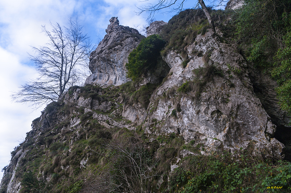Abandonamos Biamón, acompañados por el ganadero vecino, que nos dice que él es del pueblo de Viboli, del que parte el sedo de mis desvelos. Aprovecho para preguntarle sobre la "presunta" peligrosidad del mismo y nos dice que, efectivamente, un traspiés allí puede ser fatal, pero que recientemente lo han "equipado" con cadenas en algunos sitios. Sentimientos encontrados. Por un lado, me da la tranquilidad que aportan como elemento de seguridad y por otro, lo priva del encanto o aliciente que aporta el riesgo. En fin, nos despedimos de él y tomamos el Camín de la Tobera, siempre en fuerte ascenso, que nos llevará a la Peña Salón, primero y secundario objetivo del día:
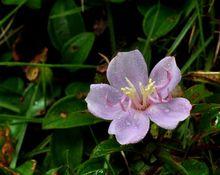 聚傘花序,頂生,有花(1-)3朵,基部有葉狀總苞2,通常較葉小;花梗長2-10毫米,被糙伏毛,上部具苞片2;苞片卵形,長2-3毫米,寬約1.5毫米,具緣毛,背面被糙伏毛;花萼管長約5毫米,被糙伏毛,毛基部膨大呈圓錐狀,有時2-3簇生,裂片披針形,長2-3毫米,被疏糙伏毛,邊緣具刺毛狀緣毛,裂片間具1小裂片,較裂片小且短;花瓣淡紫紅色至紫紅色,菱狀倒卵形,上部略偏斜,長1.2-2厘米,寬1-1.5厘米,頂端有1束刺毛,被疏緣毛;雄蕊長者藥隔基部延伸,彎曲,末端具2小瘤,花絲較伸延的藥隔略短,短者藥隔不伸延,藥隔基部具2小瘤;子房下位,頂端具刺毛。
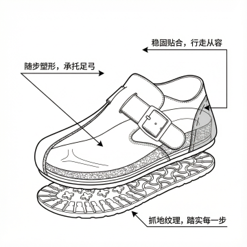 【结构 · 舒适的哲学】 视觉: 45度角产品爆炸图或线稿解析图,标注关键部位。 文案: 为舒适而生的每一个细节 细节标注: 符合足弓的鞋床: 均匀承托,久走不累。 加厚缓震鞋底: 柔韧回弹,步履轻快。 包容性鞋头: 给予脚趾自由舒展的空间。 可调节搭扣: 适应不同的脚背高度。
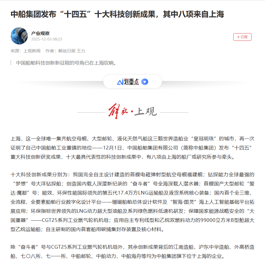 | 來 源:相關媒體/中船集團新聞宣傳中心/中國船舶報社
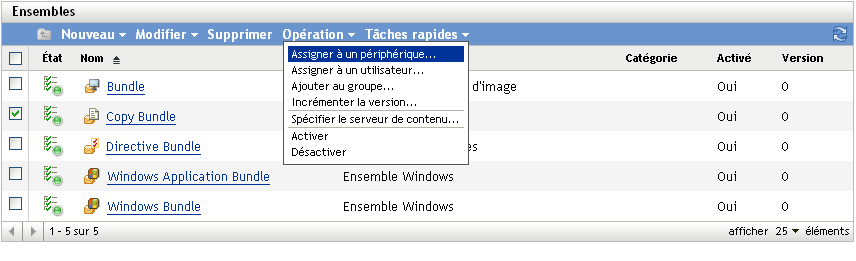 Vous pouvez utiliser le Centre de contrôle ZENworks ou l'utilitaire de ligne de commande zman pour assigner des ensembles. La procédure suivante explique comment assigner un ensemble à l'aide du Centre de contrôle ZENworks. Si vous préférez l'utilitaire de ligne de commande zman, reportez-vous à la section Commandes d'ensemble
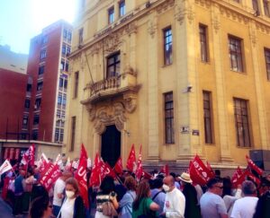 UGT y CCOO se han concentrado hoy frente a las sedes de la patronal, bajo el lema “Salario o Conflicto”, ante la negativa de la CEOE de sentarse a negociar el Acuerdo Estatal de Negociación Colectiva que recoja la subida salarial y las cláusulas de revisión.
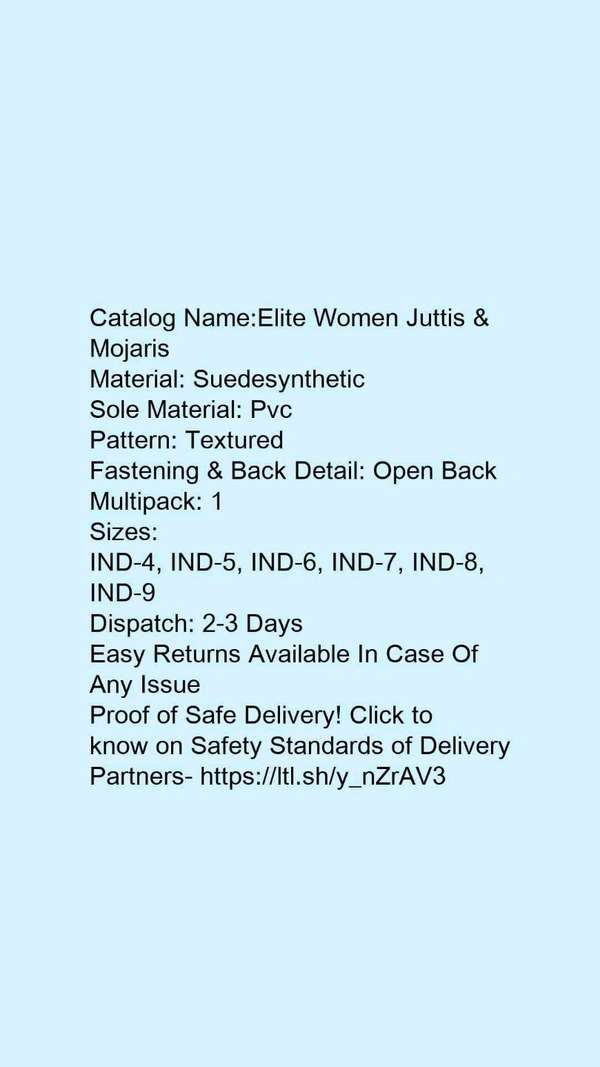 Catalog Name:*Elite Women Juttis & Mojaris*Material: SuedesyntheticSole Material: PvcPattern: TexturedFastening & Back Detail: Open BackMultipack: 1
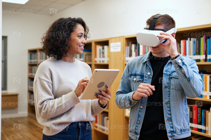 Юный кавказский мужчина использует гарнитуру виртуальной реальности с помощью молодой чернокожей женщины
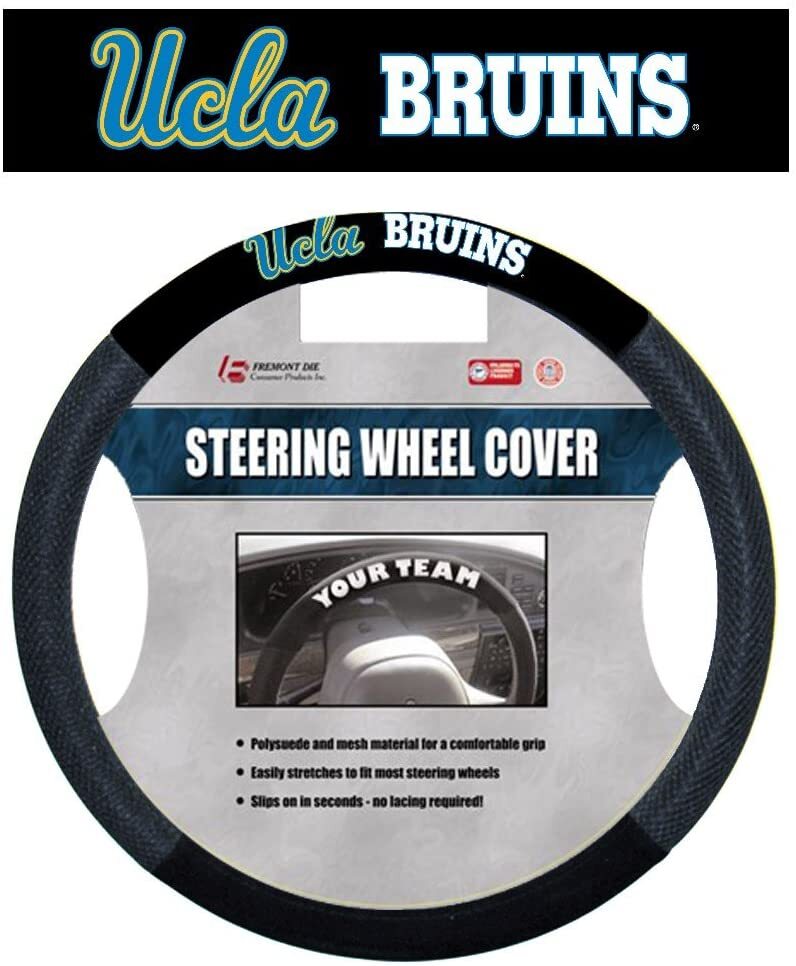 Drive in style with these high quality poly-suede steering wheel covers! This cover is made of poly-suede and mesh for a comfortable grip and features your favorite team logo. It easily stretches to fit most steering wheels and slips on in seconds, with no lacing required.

— WHAT NEEDS TO BE DONE —
Please output the records above exactly, without the pictures.

— COMPLETED EXERCISE —
Abandonamos Biamón, acompañados por el ganadero vecino, que nos dice que él es del pueblo de Viboli, del que parte el sedo de mis desvelos. Aprovecho para preguntarle sobre la "presunta" peligrosidad del mismo y nos dice que, efectivamente, un traspiés allí puede ser fatal, pero que recientemente lo han "equipado" con cadenas en algunos sitios. Sentimientos encontrados. Por un lado, me da la tranquilidad que aportan como elemento de seguridad y por otro, lo priva del encanto o aliciente que aporta el riesgo. En fin, nos despedimos de él y tomamos el Camín de la Tobera, siempre en fuerte ascenso, que nos llevará a la Peña Salón, primero y secundario objetivo del día:
 聚傘花序,頂生,有花(1-)3朵,基部有葉狀總苞2,通常較葉小;花梗長2-10毫米,被糙伏毛,上部具苞片2;苞片卵形,長2-3毫米,寬約1.5毫米,具緣毛,背面被糙伏毛;花萼管長約5毫米,被糙伏毛,毛基部膨大呈圓錐狀,有時2-3簇生,裂片披針形,長2-3毫米,被疏糙伏毛,邊緣具刺毛狀緣毛,裂片間具1小裂片,較裂片小且短;花瓣淡紫紅色至紫紅色,菱狀倒卵形,上部略偏斜,長1.2-2厘米,寬1-1.5厘米,頂端有1束刺毛,被疏緣毛;雄蕊長者藥隔基部延伸,彎曲,末端具2小瘤,花絲較伸延的藥隔略短,短者藥隔不伸延,藥隔基部具2小瘤;子房下位,頂端具刺毛。
 【结构 · 舒适的哲学】 视觉: 45度角产品爆炸图或线稿解析图,标注关键部位。 文案: 为舒适而生的每一个细节 细节标注: 符合足弓的鞋床: 均匀承托,久走不累。 加厚缓震鞋底: 柔韧回弹,步履轻快。 包容性鞋头: 给予脚趾自由舒展的空间。 可调节搭扣: 适应不同的脚背高度。
 | 來 源:相關媒體/中船集團新聞宣傳中心/中國船舶報社
 Vous pouvez utiliser le Centre de contrôle ZENworks ou l'utilitaire de ligne de commande zman pour assigner des ensembles. La procédure suivante explique comment assigner un ensemble à l'aide du Centre de contrôle ZENworks. Si vous préférez l'utilitaire de ligne de commande zman, reportez-vous à la section Commandes d'ensemble
 UGT y CCOO se han concentrado hoy frente a las sedes de la patronal, bajo el lema “Salario o Conflicto”, ante la negativa de la CEOE de sentarse a negociar el Acuerdo Estatal de Negociación Colectiva que recoja la subida salarial y las cláusulas de revisión.
 Catalog Name:*Elite Women Juttis & Mojaris*Material: SuedesyntheticSole Material: PvcPattern: TexturedFastening & Back Detail: Open BackMultipack: 1
 Юный кавказский мужчина использует гарнитуру виртуальной реальности с помощью молодой чернокожей женщины
 Drive in style with these high quality poly-suede steering wheel covers! This cover is made of poly-suede and mesh for a comfortable grip and features your favorite team logo. It easily stretches to fit most steering wheels and slips on in seconds, with no lacing required.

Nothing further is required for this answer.